### About this exercise
Transcribe only part of the material below: the lines from the one containing "テーブルクロス ランダム ハート" through the one containing "風華貼片電容尺寸有:1005 0201 0402", inclusive, exactly as written.

### Records for this task
======
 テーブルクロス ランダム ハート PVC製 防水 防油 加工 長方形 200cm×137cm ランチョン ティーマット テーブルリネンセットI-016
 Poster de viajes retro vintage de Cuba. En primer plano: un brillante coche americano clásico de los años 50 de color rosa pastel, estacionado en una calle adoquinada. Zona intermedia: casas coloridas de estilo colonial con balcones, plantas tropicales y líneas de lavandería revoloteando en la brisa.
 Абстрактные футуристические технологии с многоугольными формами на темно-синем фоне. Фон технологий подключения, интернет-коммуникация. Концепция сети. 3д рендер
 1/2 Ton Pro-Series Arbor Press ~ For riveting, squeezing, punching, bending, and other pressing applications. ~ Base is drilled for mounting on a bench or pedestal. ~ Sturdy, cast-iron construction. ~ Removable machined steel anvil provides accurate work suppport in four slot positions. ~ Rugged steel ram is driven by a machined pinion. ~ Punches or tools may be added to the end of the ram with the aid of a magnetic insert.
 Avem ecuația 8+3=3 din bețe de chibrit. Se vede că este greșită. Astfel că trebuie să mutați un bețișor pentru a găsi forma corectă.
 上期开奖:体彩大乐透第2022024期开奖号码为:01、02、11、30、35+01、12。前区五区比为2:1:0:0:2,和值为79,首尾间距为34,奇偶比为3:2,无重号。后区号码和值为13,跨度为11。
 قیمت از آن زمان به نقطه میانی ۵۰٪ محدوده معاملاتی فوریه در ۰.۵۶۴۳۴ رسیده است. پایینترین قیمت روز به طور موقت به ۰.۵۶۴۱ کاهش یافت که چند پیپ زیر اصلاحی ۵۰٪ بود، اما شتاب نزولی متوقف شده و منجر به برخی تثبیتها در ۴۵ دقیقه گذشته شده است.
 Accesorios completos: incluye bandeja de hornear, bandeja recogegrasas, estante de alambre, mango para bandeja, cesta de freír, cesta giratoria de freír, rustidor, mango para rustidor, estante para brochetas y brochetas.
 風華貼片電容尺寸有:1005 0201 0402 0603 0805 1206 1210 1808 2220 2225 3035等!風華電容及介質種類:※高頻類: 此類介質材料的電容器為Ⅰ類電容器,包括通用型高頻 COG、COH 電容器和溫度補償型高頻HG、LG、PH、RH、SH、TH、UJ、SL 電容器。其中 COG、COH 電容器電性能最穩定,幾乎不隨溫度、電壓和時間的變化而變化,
======
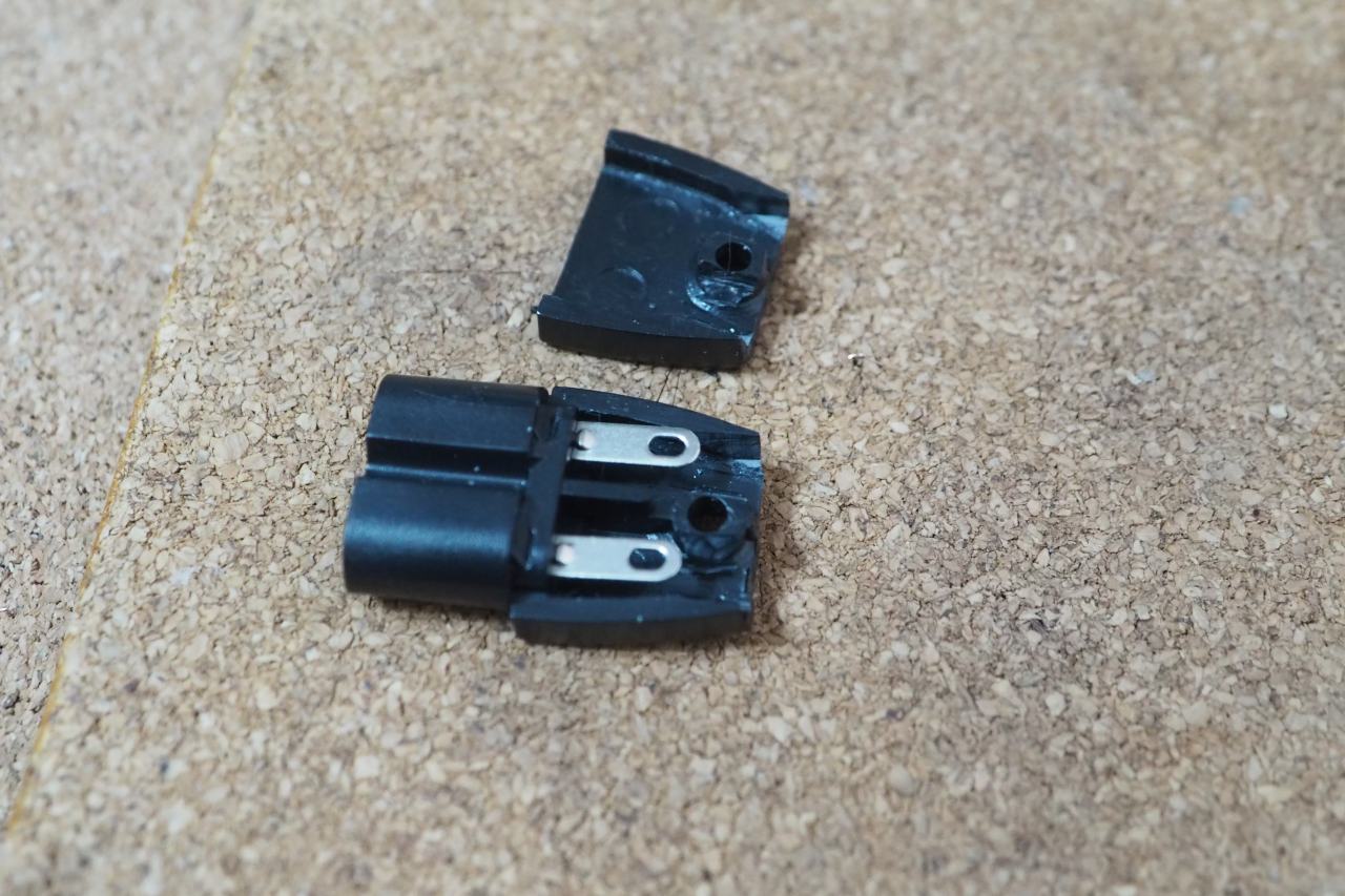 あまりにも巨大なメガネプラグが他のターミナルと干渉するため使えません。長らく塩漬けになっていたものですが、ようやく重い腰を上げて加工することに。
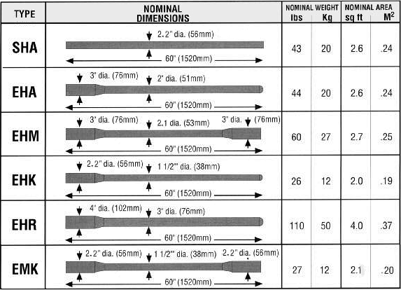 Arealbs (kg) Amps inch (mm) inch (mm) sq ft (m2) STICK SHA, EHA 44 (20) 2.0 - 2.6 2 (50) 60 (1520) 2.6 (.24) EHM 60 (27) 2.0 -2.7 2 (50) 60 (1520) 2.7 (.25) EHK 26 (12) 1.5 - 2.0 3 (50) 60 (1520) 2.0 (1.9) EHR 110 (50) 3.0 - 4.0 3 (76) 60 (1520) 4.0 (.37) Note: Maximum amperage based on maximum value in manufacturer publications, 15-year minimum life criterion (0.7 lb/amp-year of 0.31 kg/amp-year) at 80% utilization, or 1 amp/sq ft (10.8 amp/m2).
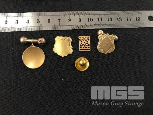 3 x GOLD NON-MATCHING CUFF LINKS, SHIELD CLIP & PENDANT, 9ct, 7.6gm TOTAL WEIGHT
======
### The completed task
 テーブルクロス ランダム ハート PVC製 防水 防油 加工 長方形 200cm×137cm ランチョン ティーマット テーブルリネンセットI-016
 Poster de viajes retro vintage de Cuba. En primer plano: un brillante coche americano clásico de los años 50 de color rosa pastel, estacionado en una calle adoquinada. Zona intermedia: casas coloridas de estilo colonial con balcones, plantas tropicales y líneas de lavandería revoloteando en la brisa.
 Абстрактные футуристические технологии с многоугольными формами на темно-синем фоне. Фон технологий подключения, интернет-коммуникация. Концепция сети. 3д рендер
 1/2 Ton Pro-Series Arbor Press ~ For riveting, squeezing, punching, bending, and other pressing applications. ~ Base is drilled for mounting on a bench or pedestal. ~ Sturdy, cast-iron construction. ~ Removable machined steel anvil provides accurate work suppport in four slot positions. ~ Rugged steel ram is driven by a machined pinion. ~ Punches or tools may be added to the end of the ram with the aid of a magnetic insert.
 Avem ecuația 8+3=3 din bețe de chibrit. Se vede că este greșită. Astfel că trebuie să mutați un bețișor pentru a găsi forma corectă.
 上期开奖:体彩大乐透第2022024期开奖号码为:01、02、11、30、35+01、12。前区五区比为2:1:0:0:2,和值为79,首尾间距为34,奇偶比为3:2,无重号。后区号码和值为13,跨度为11。
 قیمت از آن زمان به نقطه میانی ۵۰٪ محدوده معاملاتی فوریه در ۰.۵۶۴۳۴ رسیده است. پایینترین قیمت روز به طور موقت به ۰.۵۶۴۱ کاهش یافت که چند پیپ زیر اصلاحی ۵۰٪ بود، اما شتاب نزولی متوقف شده و منجر به برخی تثبیتها در ۴۵ دقیقه گذشته شده است.
 Accesorios completos: incluye bandeja de hornear, bandeja recogegrasas, estante de alambre, mango para bandeja, cesta de freír, cesta giratoria de freír, rustidor, mango para rustidor, estante para brochetas y brochetas.
 風華貼片電容尺寸有:1005 0201 0402 0603 0805 1206 1210 1808 2220 2225 3035等!風華電容及介質種類:※高頻類: 此類介質材料的電容器為Ⅰ類電容器,包括通用型高頻 COG、COH 電容器和溫度補償型高頻HG、LG、PH、RH、SH、TH、UJ、SL 電容器。其中 COG、COH 電容器電性能最穩定,幾乎不隨溫度、電壓和時間的變化而變化,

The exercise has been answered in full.